ADR-003: Kafka (Amazon MSK) for Async Event Propagation¶
Status: Accepted
Context¶
Multiple downstream systems need to react to booking lifecycle events:
- The Availability Service must update its Redis bitmap when a booking is created or cancelled.
- The Search Service must update OpenSearch when availability changes.
- The Notification Service must send email and SMS confirmations and cancellation notices.
These updates are not required to be synchronous with the booking write. Making the Booking Service synchronously call three other services would:
- Increase booking P99 latency by the sum of all downstream call latencies.
- Couple booking success to the availability of downstream services (if the Notification Service is down, bookings fail).
- Make it harder to add new consumers in future without modifying the Booking Service.

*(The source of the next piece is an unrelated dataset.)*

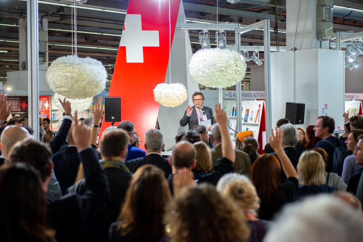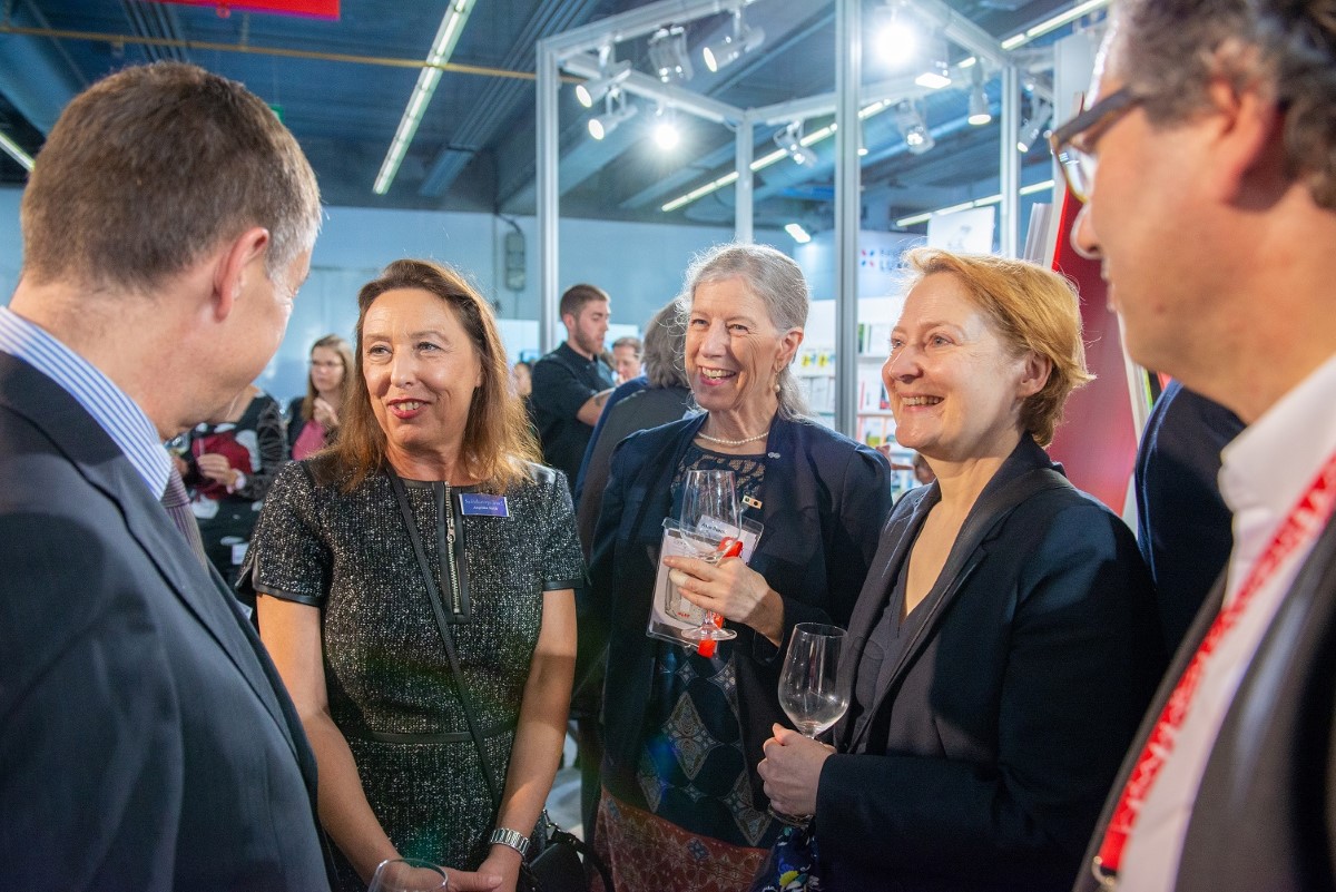v.l.n.r. Angelika Barth, Vertreterin Suhrkamp, Anne Buechi, Versus Verlag, Sabine Dörlemann, Dörlemann Verlag.

The options evaluated were:
- Amazon MSK (Managed Kafka) — durable log, ordered per partition, replayable
- Amazon SQS — managed queue, at-least-once delivery, no ordering by default
- Amazon EventBridge — managed event bus, schema registry, fan-out to rules
- Synchronous HTTP fan-out — simplest, but tightly coupled
Decision¶
Use Amazon MSK (Managed Kafka) with three topics: booking-events, availability-events, and practitioner-events. All topics are partitioned by practitioner_id to guarantee per-practitioner event ordering.

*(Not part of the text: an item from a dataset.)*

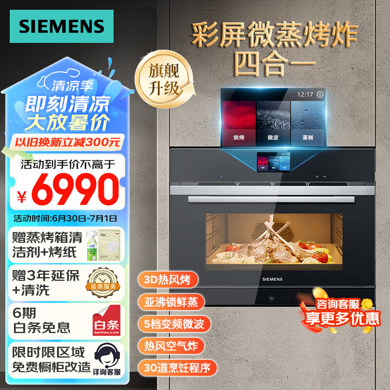 西门子(SIEMENS)36L彩屏微蒸烤炸一体机嵌入式 蒸箱 烤箱 智能微波 家用微蒸烤炸四合一 蒸烤箱一体机 CP269AGS0W价格:6990.00元!
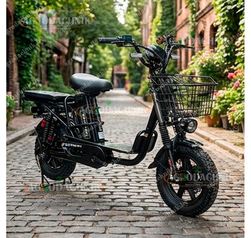 Велосипед полностью готов к дорогам: есть зеркала заднего вида, поворотники, громкий сигнал и мощная оптика. Также предусмотрена вместительная корзина спереди и электронная сигнализация.

| Setting | Value | Rationale |
|---|---|---|
| Brokers | 3 × kafka.m5.xlarge |
One per AZ; survives single broker loss |
| Replication factor | 3 | Full redundancy across all 3 brokers |
| Min in-sync replicas | 2 | Producer acknowledgement requires at least 2 replicas to confirm |
| Retention | 7 days / 168 hours | Enables full read model rebuild via replay |
| Partitions per topic | 6 | Sufficient parallelism for all consumer groups at projected throughput |
Consequences¶
Positive:
- The Booking Service publishes one event and is done. All downstream updates are decoupled — downstream service failures do not affect booking success or latency.
- Per-
practitioner_idpartitioning guarantees that events for a given practitioner are processed in order by each consumer group. This prevents the Availability Service from applying aBookingCancelledbefore theBookingCreatedit was cancelling. - 7-day retention allows the OpenSearch index and Redis availability bitmaps to be fully rebuilt from the event log if either is lost or corrupted — no separate backup/restore procedure needed.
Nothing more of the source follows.